From the listing below, output the lines between the one with "可添加生活、工作、生日、学习、纪念日等" and the one with "Bogotá busca en", including those two, and nothing else. Pictures are not copied.

_Records for the task:_
·····

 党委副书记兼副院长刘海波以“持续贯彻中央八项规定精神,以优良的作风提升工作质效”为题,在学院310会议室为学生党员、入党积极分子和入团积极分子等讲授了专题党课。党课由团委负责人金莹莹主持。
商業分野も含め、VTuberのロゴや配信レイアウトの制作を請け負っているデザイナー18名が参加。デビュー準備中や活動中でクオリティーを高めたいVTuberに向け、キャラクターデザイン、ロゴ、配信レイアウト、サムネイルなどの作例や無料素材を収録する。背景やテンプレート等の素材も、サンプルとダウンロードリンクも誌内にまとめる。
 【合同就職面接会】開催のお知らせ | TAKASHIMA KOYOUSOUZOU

·····

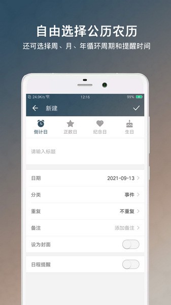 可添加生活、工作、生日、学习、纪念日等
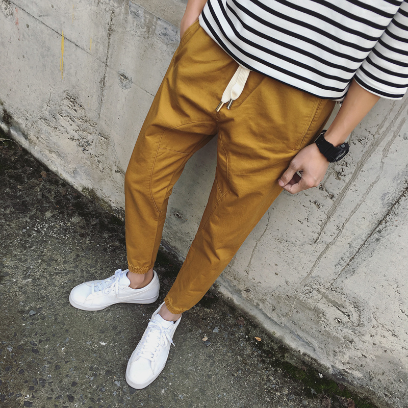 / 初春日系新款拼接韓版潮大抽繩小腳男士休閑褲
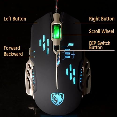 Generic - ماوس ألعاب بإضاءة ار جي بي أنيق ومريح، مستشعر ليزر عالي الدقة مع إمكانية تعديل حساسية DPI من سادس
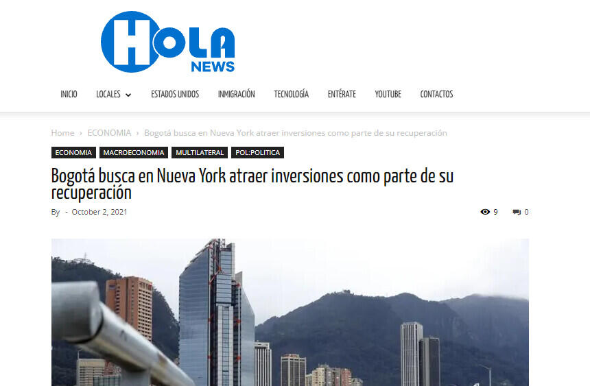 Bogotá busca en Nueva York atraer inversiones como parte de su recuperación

·····

_Response for this exercise:_
 可添加生活、工作、生日、学习、纪念日等
 / 初春日系新款拼接韓版潮大抽繩小腳男士休閑褲
 Generic - ماوس ألعاب بإضاءة ار جي بي أنيق ومريح، مستشعر ليزر عالي الدقة مع إمكانية تعديل حساسية DPI من سادس
 Bogotá busca en Nueva York atraer inversiones como parte de su recuperación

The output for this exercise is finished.